I have a Nvidia pascal-based card, which supports yuv444 10 bit (as 'yuv444p16le') and when when using '-c:v hevc_nvenc' the auto_scaler kicks in and converts to 'yuv444p16le', which I guess is the same conversion as giving '-pix_fmt yuv444p16le'.
This is working very well in 1920x1080 resolution, but in 4096x2160 resolution ffmpeg can't keep up realtime 24 or 25 fps, and I get input buffer overruns. The culprit seems to be the RGB->YUV conversion in ffmpeg swscale because;
- When piping the Decklink 4K RGB input with '-c:v copy' straight to /dev/null, there's is no problems with buffer underruns,
- And when feeding the Decklink YUV and giving '-raw_format yuv422p10’ (no YUV444 input for decklink seems available for decklink in ffmpeg) I get no underrun and everything works well in 4K. Even if I set '-pix_fmt yuv444p16le'.
Any ideas how I could accomplish a 4K hevc in NVENC with the 10-bit RGB signal from the Decklink?
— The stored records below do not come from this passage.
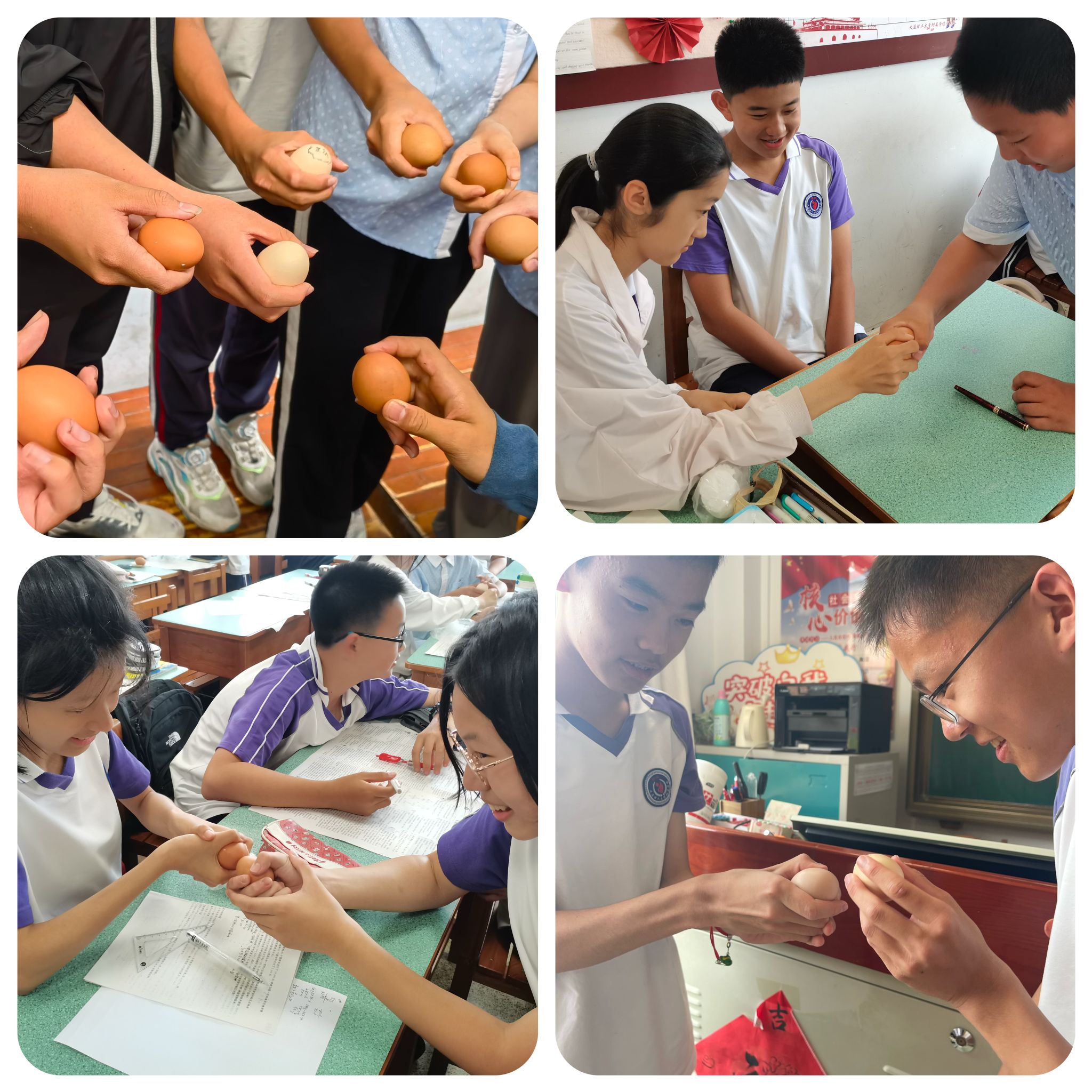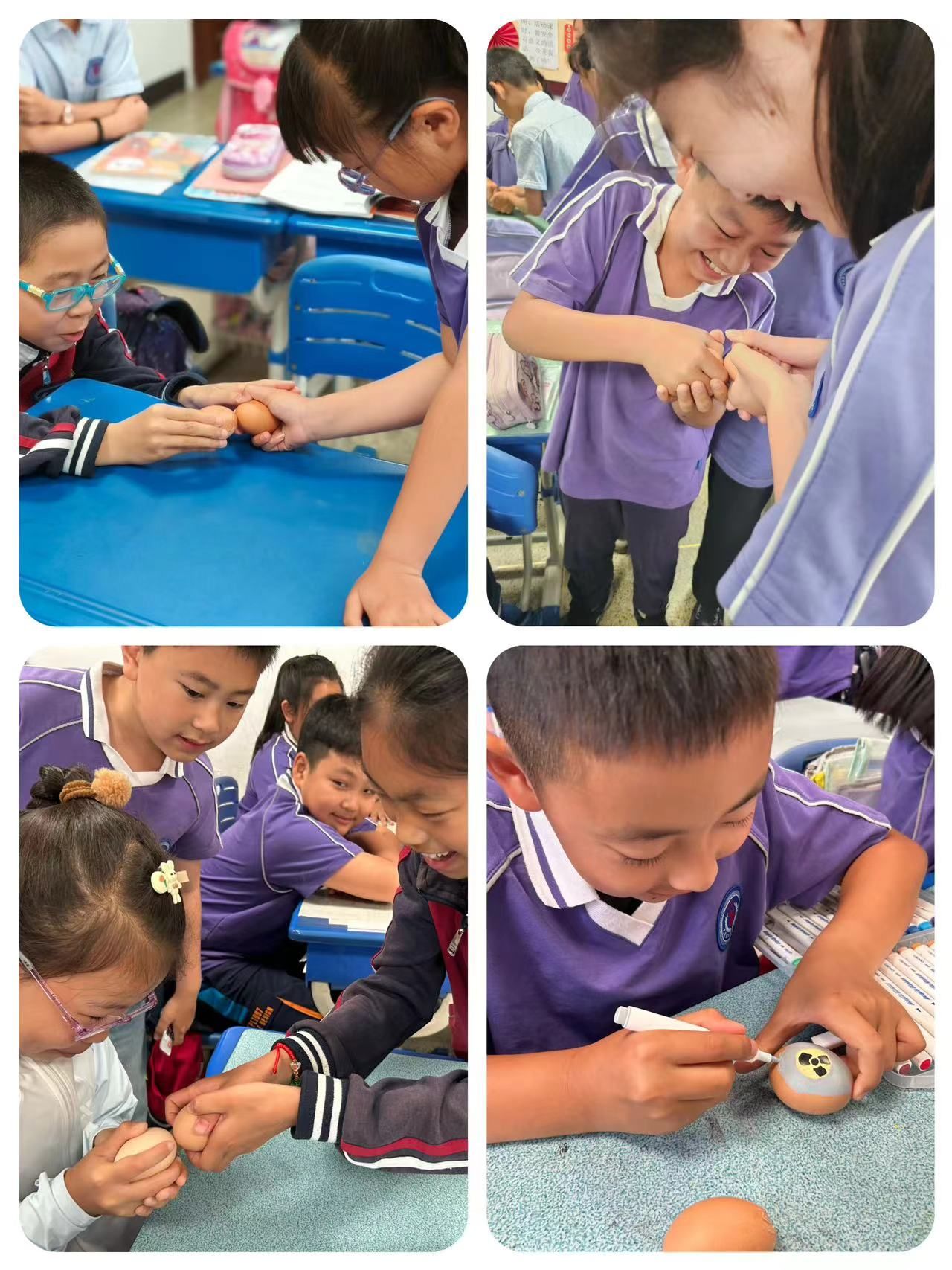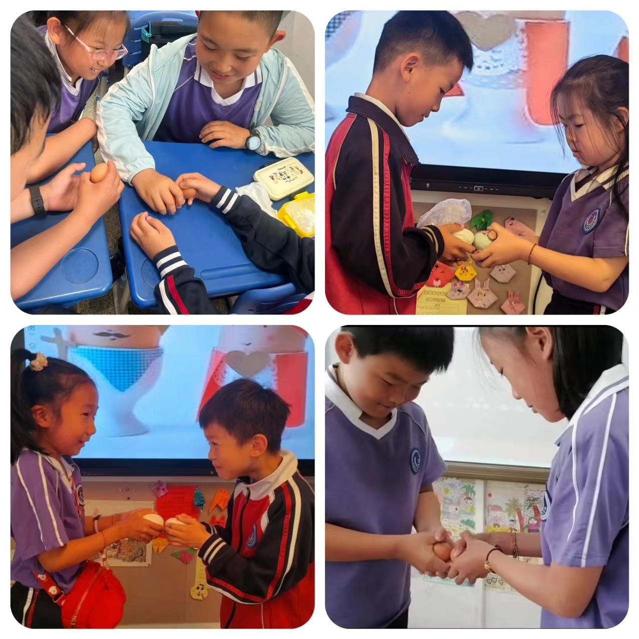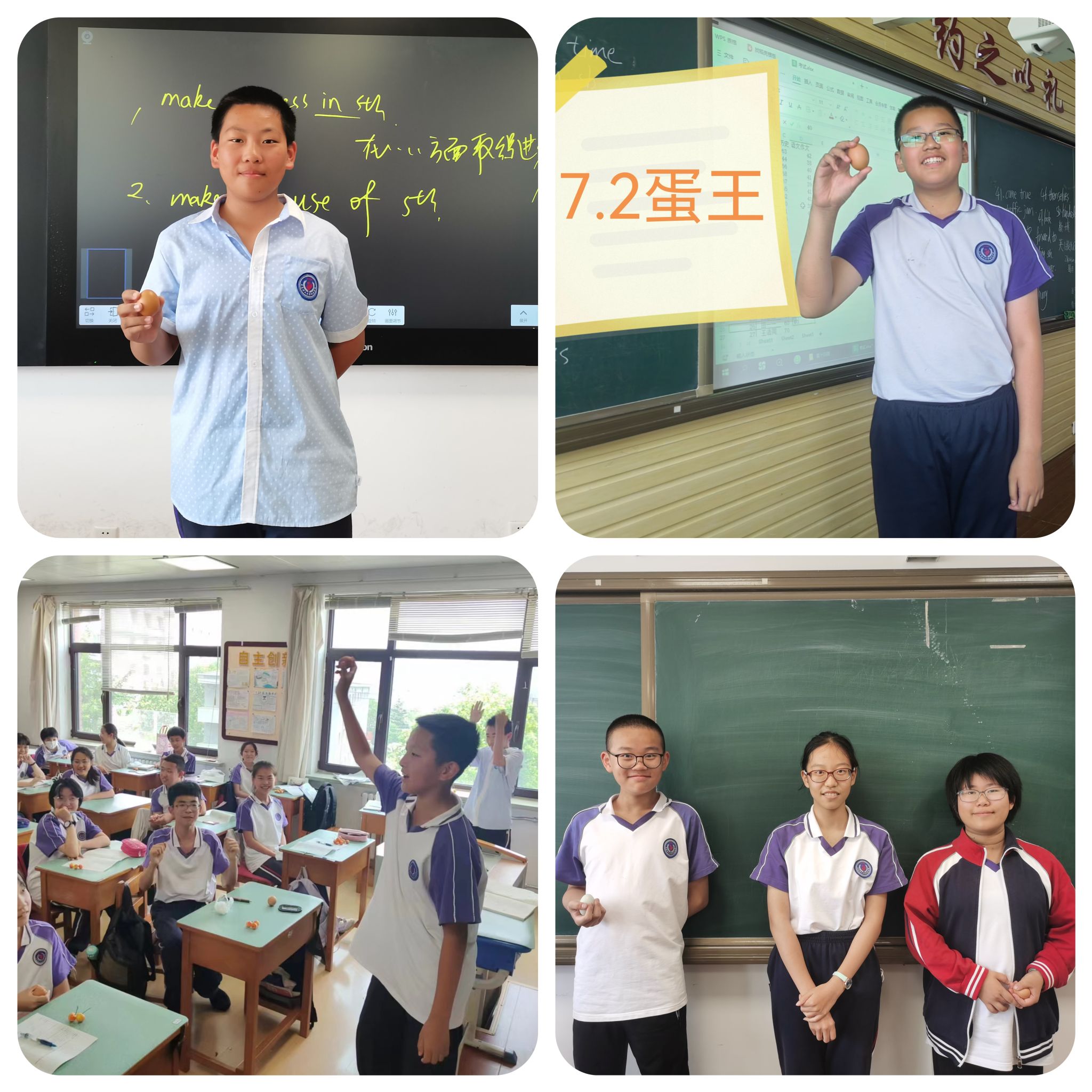“蛋王”争霸赛是我校传统文化项目,今年我们迎来了第四届“蛋王”争霸赛活动·。比赛共分为三轮:同桌赛、小组赛和决赛,随着班主任老师一声令下,比赛正式开始,教室里立刻沸腾起来。同学们神情专注,格外兴奋,比赛进行得热火朝天。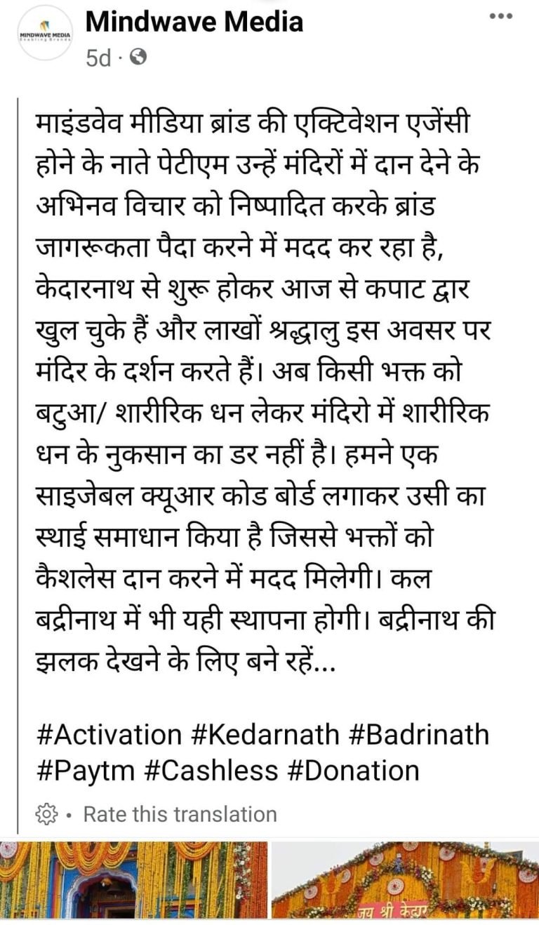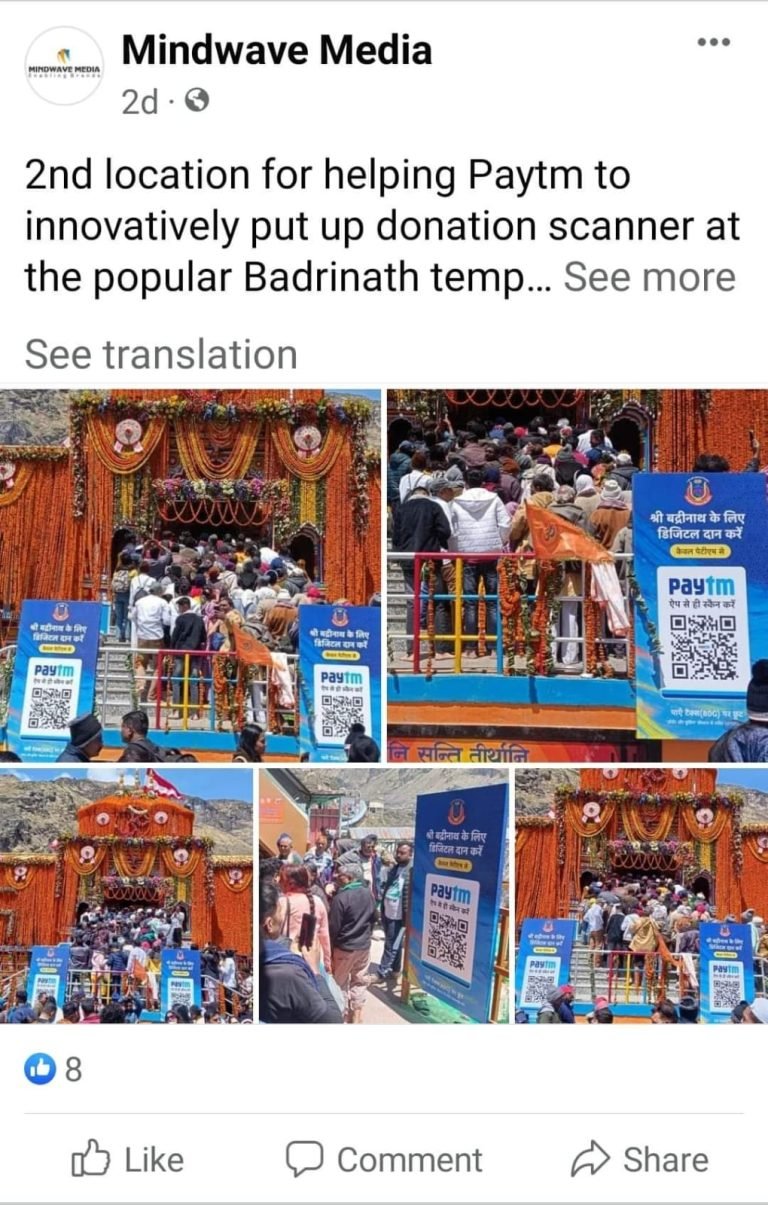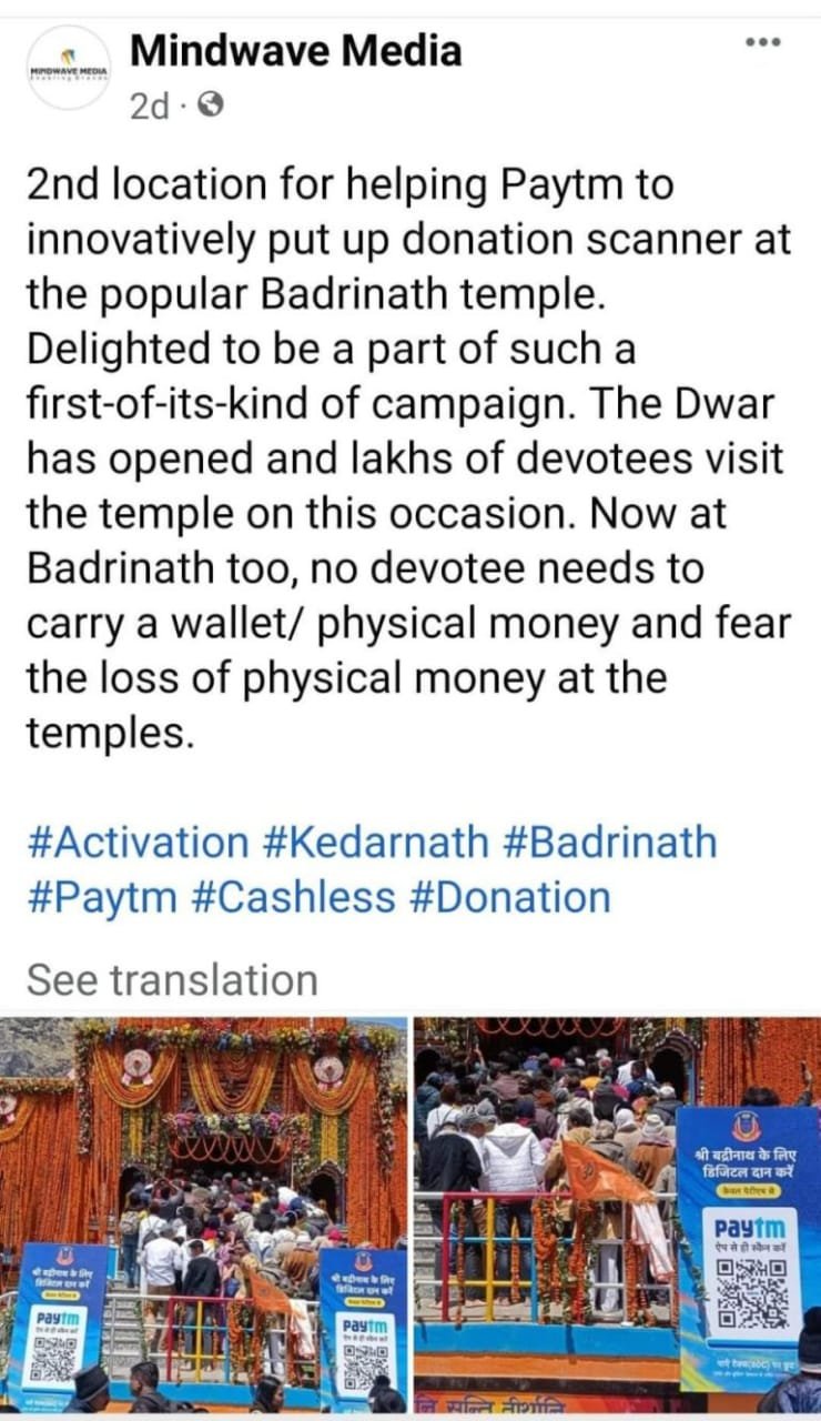 वहीं दूसरी ओर MINDWAVE MEDIA नाम के एक एडवरटाइजिंग एजेंसी ने अपने फेसबुक पेज में दावा किया गया है कि उसने ही केदारनाथ और बदरीनाथ धाम में क्यूआर कोड के साइन बोर्ड लगाकर श्रृद्धालुओं को डिजिटल दान देने की सुविधा मुहैया करवाई है।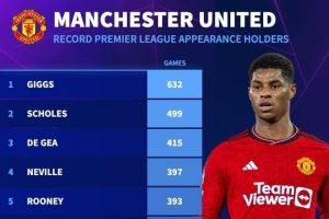 已效力9年!拉什福德为曼联出战287场英超,位列队史第10位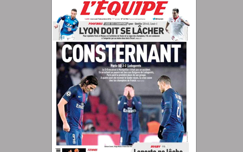 بات المسؤولون عن نادي باريس سان جيرمان الفرنسي يشعرون بالقلق من تواضع نتائج الفريق، أخيراً، فبعد الخسارة الموجعة من فريق مونبلييه في الدوري الفرنسي السبت الماضي، تلقى الفريق تعادلاً مهيناً من لودغريتس البلغاري المتواضع، أول من أمس، بالأبطال.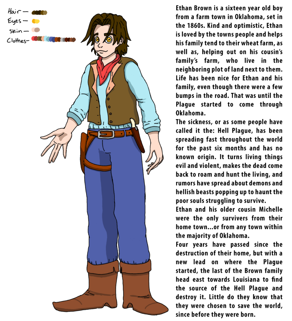 Welcome! My name is Ethan Bloom and I am a digital media student at Danforth Francis Tuttle learning about graphic design. I specialize in character and creature design, you can check out a few examples I posted down below!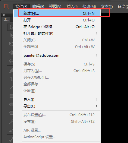 1、雙擊flash啟動軟件之后,在文件菜單中選擇新建命令,來創建一個新的flash文檔。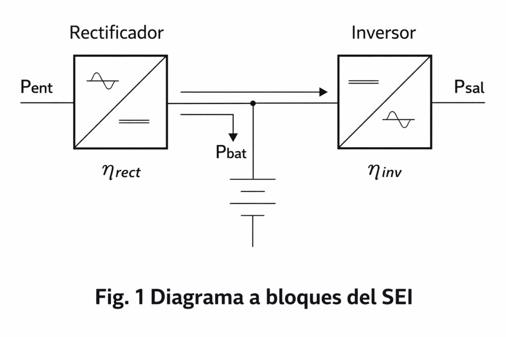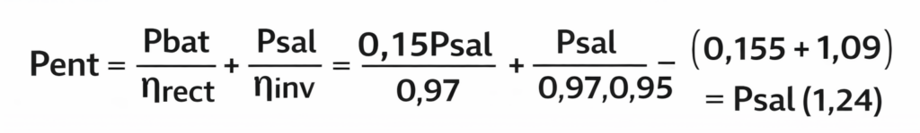 | Psal = Potencia de salida máxima (W) Pbat = Potencia de recarga máxima de batería (aprox. 15% de Psal) Ŋinv = Eficiencia del inversor = 0,95 Ŋrect = Eficiencia del rectificador = 0,97 Pent = Potencia de entrada |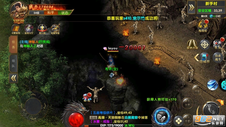 自动挂机战斗,工作睡觉都能够轻松打怪升级。多余装备,一键回收,绝不浪费!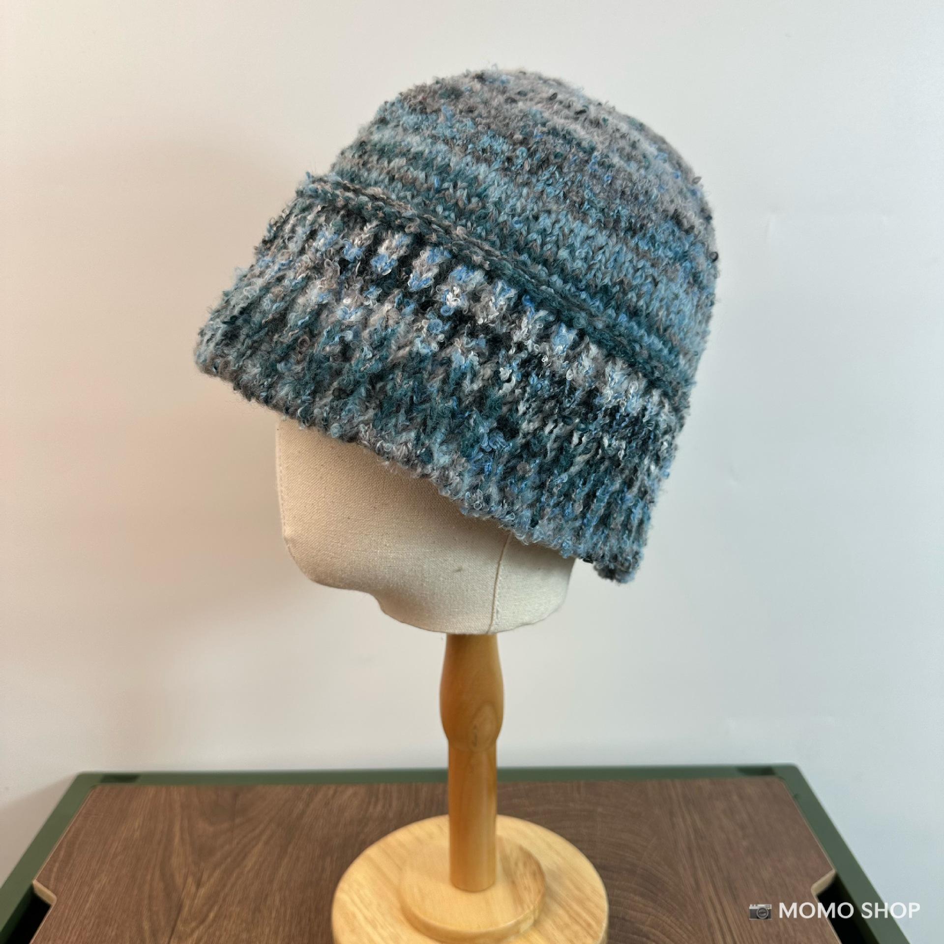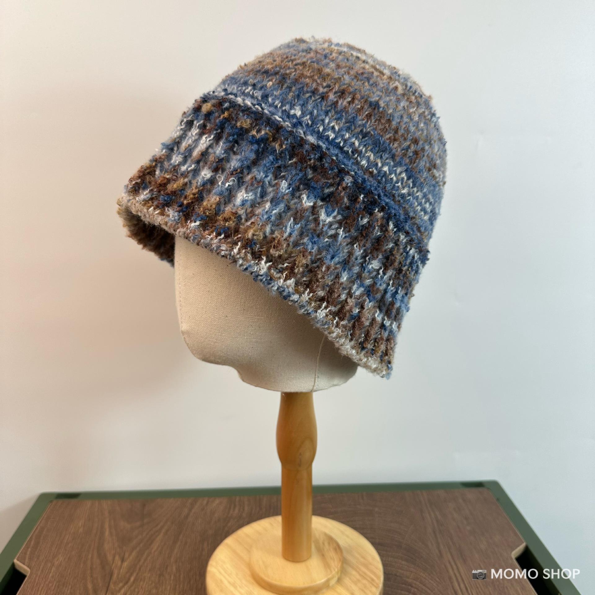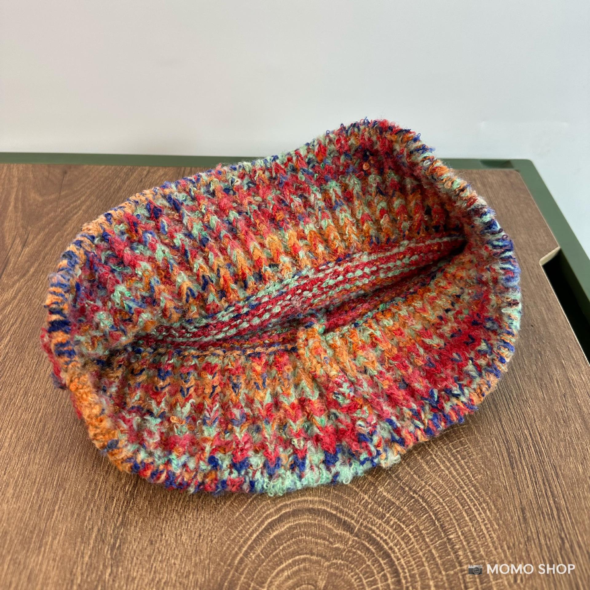 Gorro de pescador de punto pequeño con diseño de nicho, de lana con degradado de color retro, para mujer, otoño e invierno, cálido, con protección para las orejas

Is there a way to make NVENC accept and use the RGB data without first converting to YUV? Or is there maybe a way to convert gbrp10le->yuv444p16le with cuda or scale_npp filter? I have compiled ffmpeg with npp and cuda, but I cannot figure out if I can get it to work with RGB? Whenever I try to do '-vf "hwupload_cuda"', auto_scaler kicks in and tries to convert to yuv on the cpu, which again creates underruns.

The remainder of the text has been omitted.